I have developed a modeling function that fits the experimental behavior of the Powerball pretty well, at least when one looks at it graphically. This function models the Powerball as a linear growth function to draw 12, and thereafter as an exponential function using the data points of average values from drawings 13 to 19.

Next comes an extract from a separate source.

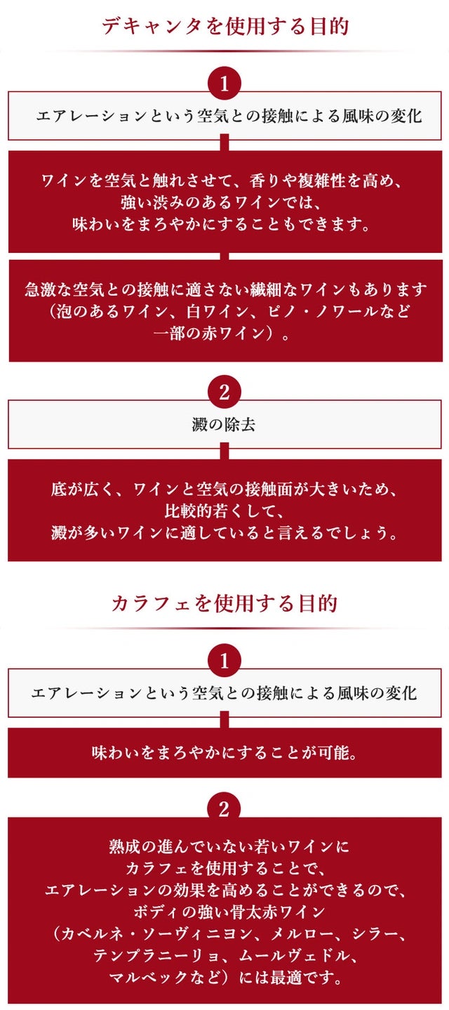 華やかでスタイリッシュなカラフェは、ワインの美しい色を楽しむこともでき、テーブル演出に最適です。
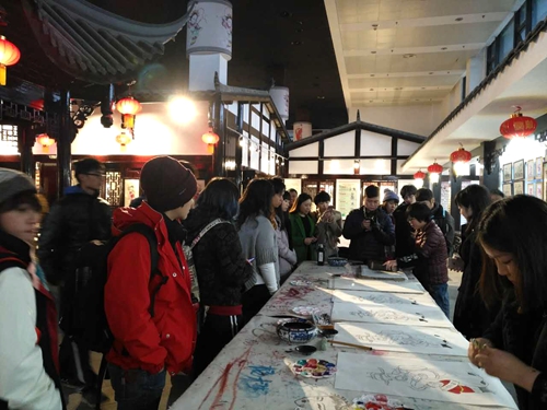 參訪團在綿竹年畫村體驗交流。

The model does not fit perfectly the behavior of the recent run, which has been above average in performance overall. Still it is a useful approximation and I offer it for what it's worth:
$471,894,023.98 | $217,285,748 | 37.36% | 5.52% |
$372,555,343.88 | $171,544,802 | 48.68% | 14.77% |
$299,918,746.49 | $138,098,950 | 59.08% | 30.34% |
$246,806,753.52 | $113,643,292 | 68.05% | 51.36% |
$207,971,181.66 | $95,761,276 | 75.47% | 75.47% |
This model obviously ignores the cap, and says how the drawing would behave in the absense of the cap. Note that the potential exists for the cap to be pushed ever higher until it is essentially meaningless.
The first column is the (inflated) annuity value, the second column, the more meaningful cash value (which is what is directly calculated). The third column is the probability that a run of that size will rollover, and the fourth colum is the probability that all runs will rollover from this point. According to this model we have a roughly 30% of reaching the cap, which will easily exceed the cap point which is currently $365M. Note that the jackpot, according will not reach cap figure of $390, but will fall slightly short of it, if this model proves successful and relevant.
If my understanding of the rules is correct, this means that the jackpot might go like this: It reaches $372M and then (15% chance overall) it goes to $397M.